#### [ACTION ITEM]
The records below are to be output exactly, except for their pictures.

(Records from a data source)
-*-*-

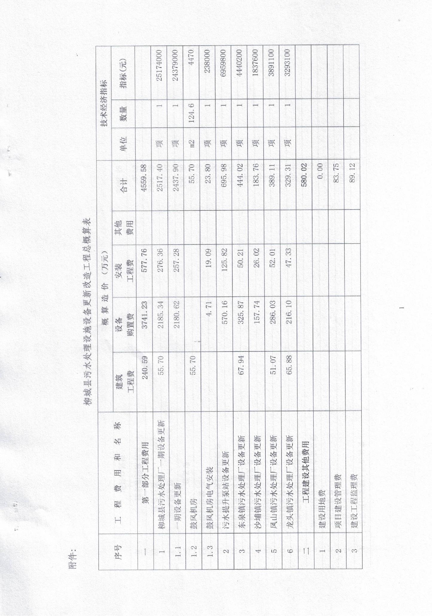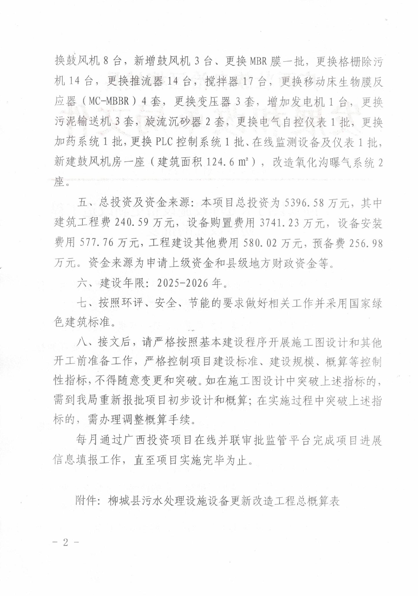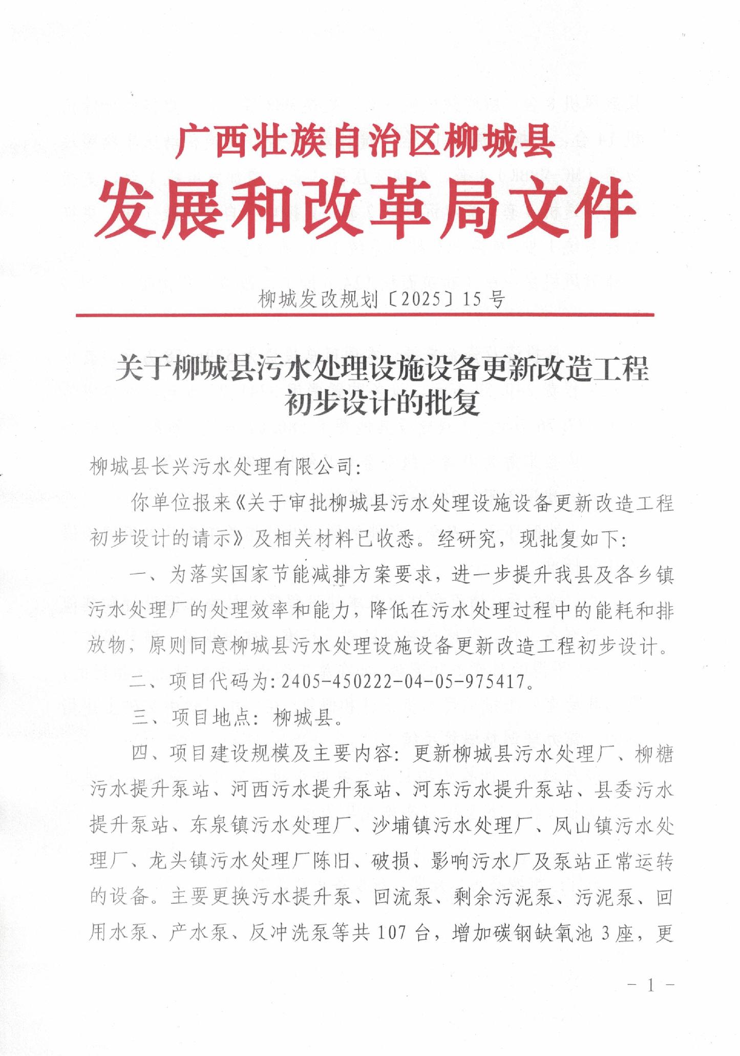 关于柳城县污水处理设施设备更新改造工程初步设计的批复
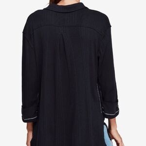 A subtle, contrast stitching and exposed seams add custom character to this ribbed, v-neck top. Clean up your look with the sleek styling of this Free People Annie Long Sleeve. Light and drapey fabrication features a textured ribbed detail. Relaxed spread collar. Single-button closure at the placket. Long sleeves. Inverted pleat at back yoke. Straight hemline with dramatic side vents. 60% cotton 40% polyester.
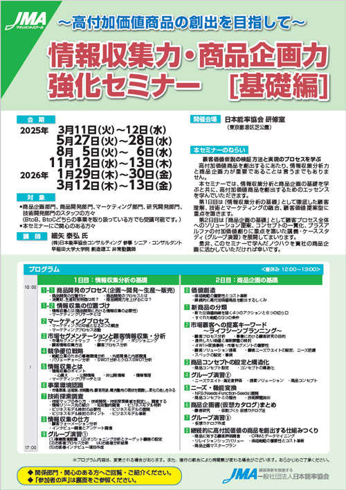 本セミナーでは、情報収集分析と商品企画の基礎を学ぶと共に、高付加価値商品を創出するためのエッセンスを学んでいただきます。
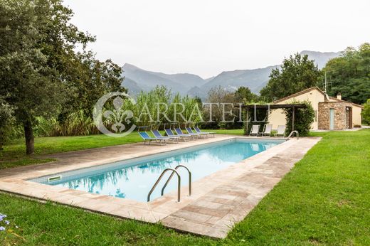 Wonderful Villa of about 340 sqm in the hills of Camaiore, with private pool set in the stones, surrounded by large garden and private land of about 10000 sqm with olive grove and fruit trees, a short walk from the town center and a few minutes from the sandy beaches of Versilia. This beautiful Villa offers all the comforts and total privacy, immersed in an evocative setting with views of the Apuan mountains, the fusion of ancient and modern makes it unique and welcoming, with large openings and plays of light that enhance every little detail, from the modern iron bookcase to the warm hearth, around which the living area and the kitchen are developed.
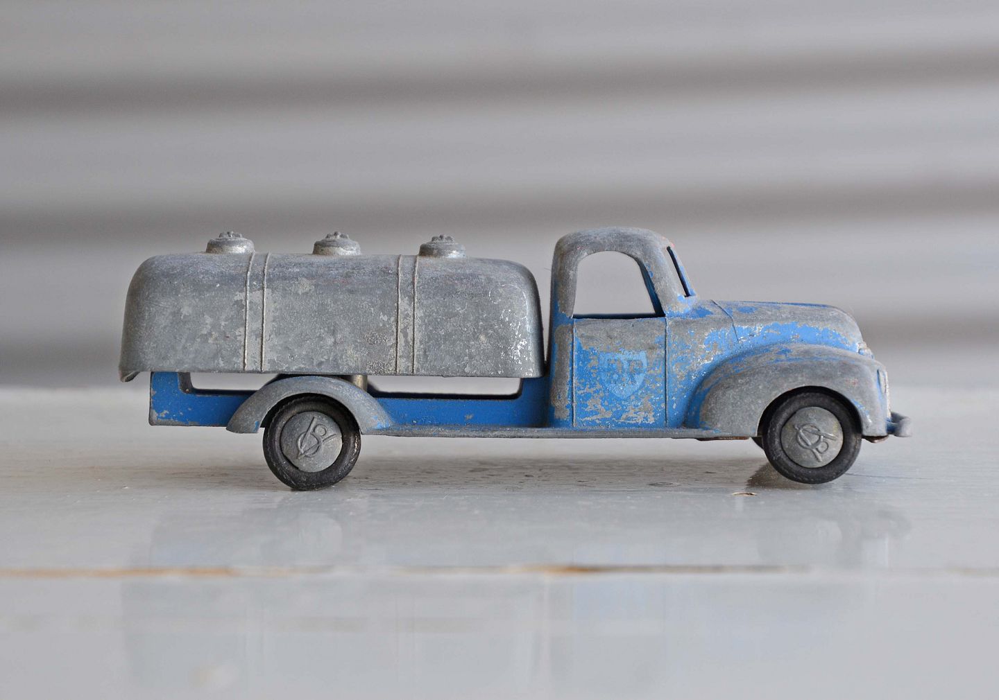 Legetøjsbil "BP" fra Brdr. Pedersen. Stemplet B.P. legetøj, Denmark. Bilen mangler et dæk, men hjulkapsel og enkeltdele medfølger. Fremstår med synlige brugsspor.
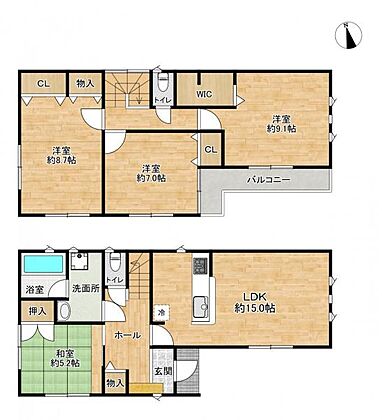 お洋服以外の物もたくさん収納できる、嬉しい広さのウォークインクローゼット!お部屋を最大限広くお使いいただけます!
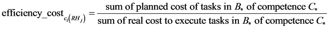 We introduce different indicators in order to evaluate efficiency and the efficacy of project members during the task execution [4] . The efficacy deal with the quality of task execution and efficiency evaluate the task execution process respect to the time and the resources used.

-*-*-

#### [SOLUTION FOR THIS PROBLEM]
 关于柳城县污水处理设施设备更新改造工程初步设计的批复
 A subtle, contrast stitching and exposed seams add custom character to this ribbed, v-neck top. Clean up your look with the sleek styling of this Free People Annie Long Sleeve. Light and drapey fabrication features a textured ribbed detail. Relaxed spread collar. Single-button closure at the placket. Long sleeves. Inverted pleat at back yoke. Straight hemline with dramatic side vents. 60% cotton 40% polyester.
 本セミナーでは、情報収集分析と商品企画の基礎を学ぶと共に、高付加価値商品を創出するためのエッセンスを学んでいただきます。
 Wonderful Villa of about 340 sqm in the hills of Camaiore, with private pool set in the stones, surrounded by large garden and private land of about 10000 sqm with olive grove and fruit trees, a short walk from the town center and a few minutes from the sandy beaches of Versilia. This beautiful Villa offers all the comforts and total privacy, immersed in an evocative setting with views of the Apuan mountains, the fusion of ancient and modern makes it unique and welcoming, with large openings and plays of light that enhance every little detail, from the modern iron bookcase to the warm hearth, around which the living area and the kitchen are developed.
 Legetøjsbil "BP" fra Brdr. Pedersen. Stemplet B.P. legetøj, Denmark. Bilen mangler et dæk, men hjulkapsel og enkeltdele medfølger. Fremstår med synlige brugsspor.
 お洋服以外の物もたくさん収納できる、嬉しい広さのウォークインクローゼット!お部屋を最大限広くお使いいただけます!
 We introduce different indicators in order to evaluate efficiency and the efficacy of project members during the task execution [4] . The efficacy deal with the quality of task execution and efficiency evaluate the task execution process respect to the time and the resources used.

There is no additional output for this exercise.